Stored entries
▼

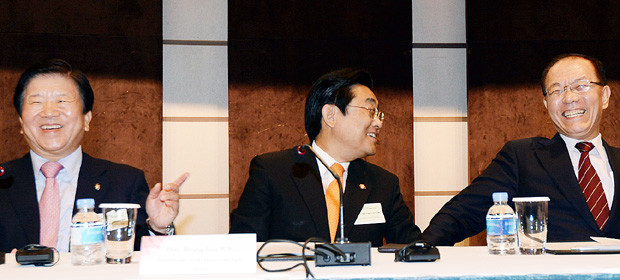 13일 오전 서울 중구 웨스틴조선 호텔에서 '아시아정당국제회의(ICAPP) 특별회의 개회식'이 열린 가운데 참석한 황우여 새누리당 대표(오른쪽)와 전병헌 민주당 원내대표가 만나 웃으며 이야기를 나누고 있다. 왼쪽은 박병석 민주당 의원.
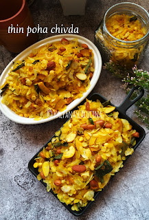 The type of poha used for fried and roasted chivda is another significant distinction. The thicker type of poha should be used for frying, while the thin variety should be used for roasting. This chivda is always made with the intent of storing it for a minimum of 2-3 weeks and hence, we add ingredients that will not go bad at room temperature for that duration. This poha chivda is also gluten-free and vegan. As this chivda has a lot of good ingredients (peanuts, sesame seeds, roasted gram dal), and is relatively light, it is also often called diet poha chivda. This chivda is made with only 2 tablespoon oil and hence it's a healthier option for the people who wants a low calorie afternoon snack with tea. Not only that but it takes hardly 15-20 minutes and stays good for upto 2-3 weeks.
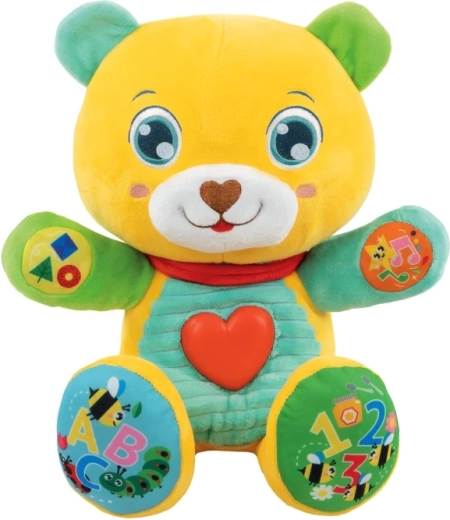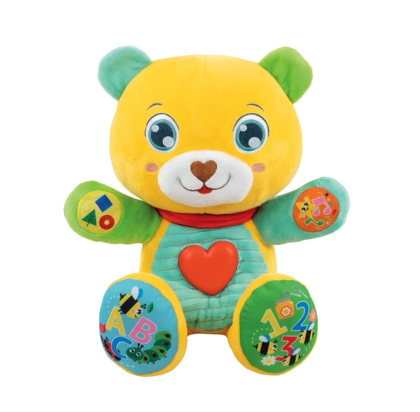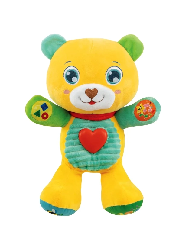 Dankzij 5 aanraakknoppen leert je kind letters, getallen, kleuren en vormen herkennen. Het stralende hartje licht op wanneer de beer praat of vrolijke liedjes en versjes zingt, wat de zintuiglijke stimulatie, het ritmegevoel en de fijne motoriek bevordert.
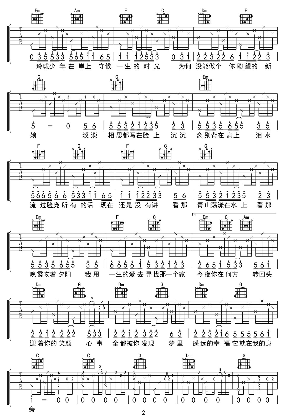 南滨路没有尽头吉他谱,歌曲原调为C调,此版本的曲谱来源于@郑好,为4/4拍的节奏,按C调指法编配,共3张高清吉他谱,变调夹不夹为原歌曲的调式,演唱时可按个人音域选择合适的变调夹位置。 -
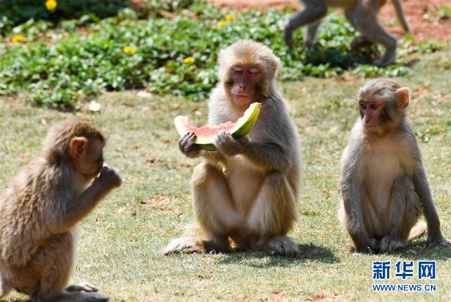 4月28日,在海南热带野生动植物园,猕猴在吃西瓜。 新华社记者 杨冠宇 摄
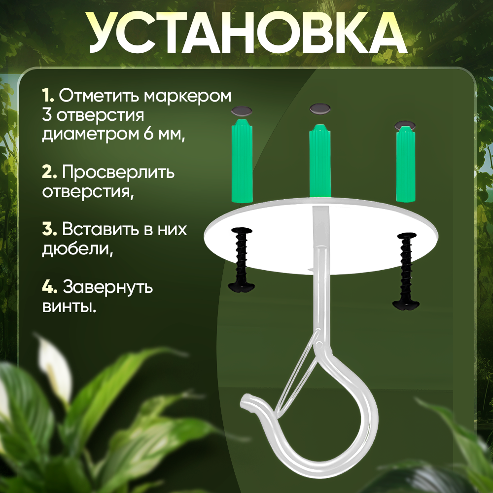 | Описание | кашпо, фонарь, гирлянда, столовые приборы, светильник и все, что вы захотите повесить, не слетят и не упадит с кронштейна с карабином |

▲

## WORK INSTRUCTION
Drop every image, please, and write out the data above exactly as shown.

## WRITTEN SOLUTION
 13일 오전 서울 중구 웨스틴조선 호텔에서 '아시아정당국제회의(ICAPP) 특별회의 개회식'이 열린 가운데 참석한 황우여 새누리당 대표(오른쪽)와 전병헌 민주당 원내대표가 만나 웃으며 이야기를 나누고 있다. 왼쪽은 박병석 민주당 의원.
 The type of poha used for fried and roasted chivda is another significant distinction. The thicker type of poha should be used for frying, while the thin variety should be used for roasting. This chivda is always made with the intent of storing it for a minimum of 2-3 weeks and hence, we add ingredients that will not go bad at room temperature for that duration. This poha chivda is also gluten-free and vegan. As this chivda has a lot of good ingredients (peanuts, sesame seeds, roasted gram dal), and is relatively light, it is also often called diet poha chivda. This chivda is made with only 2 tablespoon oil and hence it's a healthier option for the people who wants a low calorie afternoon snack with tea. Not only that but it takes hardly 15-20 minutes and stays good for upto 2-3 weeks.
 Dankzij 5 aanraakknoppen leert je kind letters, getallen, kleuren en vormen herkennen. Het stralende hartje licht op wanneer de beer praat of vrolijke liedjes en versjes zingt, wat de zintuiglijke stimulatie, het ritmegevoel en de fijne motoriek bevordert.
 南滨路没有尽头吉他谱,歌曲原调为C调,此版本的曲谱来源于@郑好,为4/4拍的节奏,按C调指法编配,共3张高清吉他谱,变调夹不夹为原歌曲的调式,演唱时可按个人音域选择合适的变调夹位置。 -
 4月28日,在海南热带野生动植物园,猕猴在吃西瓜。 新华社记者 杨冠宇 摄
 | Описание | кашпо, фонарь, гирлянда, столовые приборы, светильник и все, что вы захотите повесить, не слетят и не упадит с кронштейна с карабином |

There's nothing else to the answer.